ACTIVITY – For the material below, reproduce exactly each line from the one that has "- ↑ Dorning, Mike" through the one that has "LED-Glasbild mit austauschbarem", and no others; pictures stay out.

SOURCE RECORDS –
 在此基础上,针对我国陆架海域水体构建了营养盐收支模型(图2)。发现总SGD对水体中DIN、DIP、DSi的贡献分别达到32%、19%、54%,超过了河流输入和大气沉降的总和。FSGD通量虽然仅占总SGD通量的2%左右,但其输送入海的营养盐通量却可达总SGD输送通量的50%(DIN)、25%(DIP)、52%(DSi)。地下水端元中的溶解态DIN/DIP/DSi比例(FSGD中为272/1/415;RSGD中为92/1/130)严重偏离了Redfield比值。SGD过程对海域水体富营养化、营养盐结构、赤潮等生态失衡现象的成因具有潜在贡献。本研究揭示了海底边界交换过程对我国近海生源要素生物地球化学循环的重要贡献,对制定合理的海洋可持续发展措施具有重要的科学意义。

---

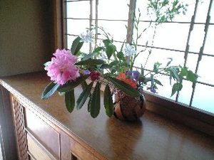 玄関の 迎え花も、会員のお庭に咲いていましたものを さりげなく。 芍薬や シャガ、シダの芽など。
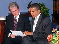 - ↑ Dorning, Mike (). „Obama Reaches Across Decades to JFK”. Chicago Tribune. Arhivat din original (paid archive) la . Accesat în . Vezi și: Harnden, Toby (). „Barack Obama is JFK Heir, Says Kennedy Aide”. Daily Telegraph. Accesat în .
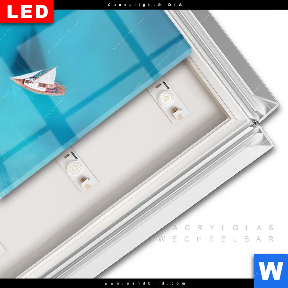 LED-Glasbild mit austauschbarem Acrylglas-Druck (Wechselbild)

---

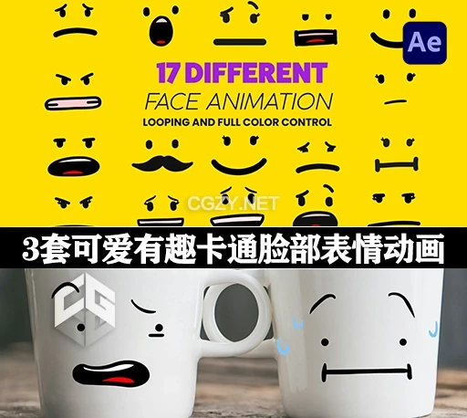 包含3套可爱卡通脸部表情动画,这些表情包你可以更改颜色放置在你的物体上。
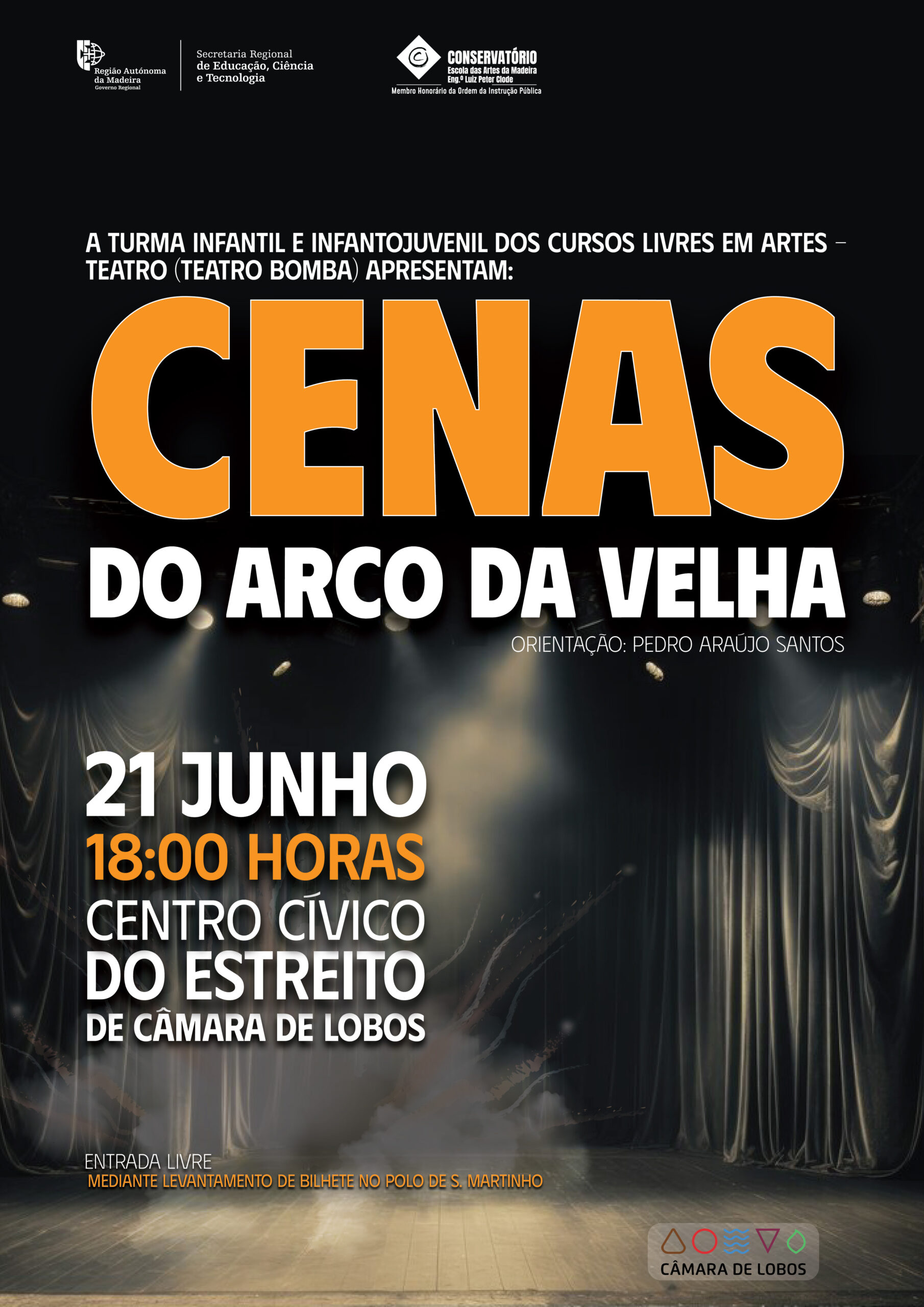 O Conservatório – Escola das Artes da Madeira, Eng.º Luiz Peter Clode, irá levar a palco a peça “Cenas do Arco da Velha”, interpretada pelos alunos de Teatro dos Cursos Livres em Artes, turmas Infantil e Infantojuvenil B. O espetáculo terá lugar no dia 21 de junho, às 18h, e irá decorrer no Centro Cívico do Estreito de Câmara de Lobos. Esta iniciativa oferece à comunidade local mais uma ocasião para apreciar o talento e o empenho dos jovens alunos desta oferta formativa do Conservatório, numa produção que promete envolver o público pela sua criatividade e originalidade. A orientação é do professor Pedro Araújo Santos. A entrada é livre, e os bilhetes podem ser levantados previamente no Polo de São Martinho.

REPLY TO THE TASK –
 - ↑ Dorning, Mike (). „Obama Reaches Across Decades to JFK”. Chicago Tribune. Arhivat din original (paid archive) la . Accesat în . Vezi și: Harnden, Toby (). „Barack Obama is JFK Heir, Says Kennedy Aide”. Daily Telegraph. Accesat în .
 LED-Glasbild mit austauschbarem Acrylglas-Druck (Wechselbild)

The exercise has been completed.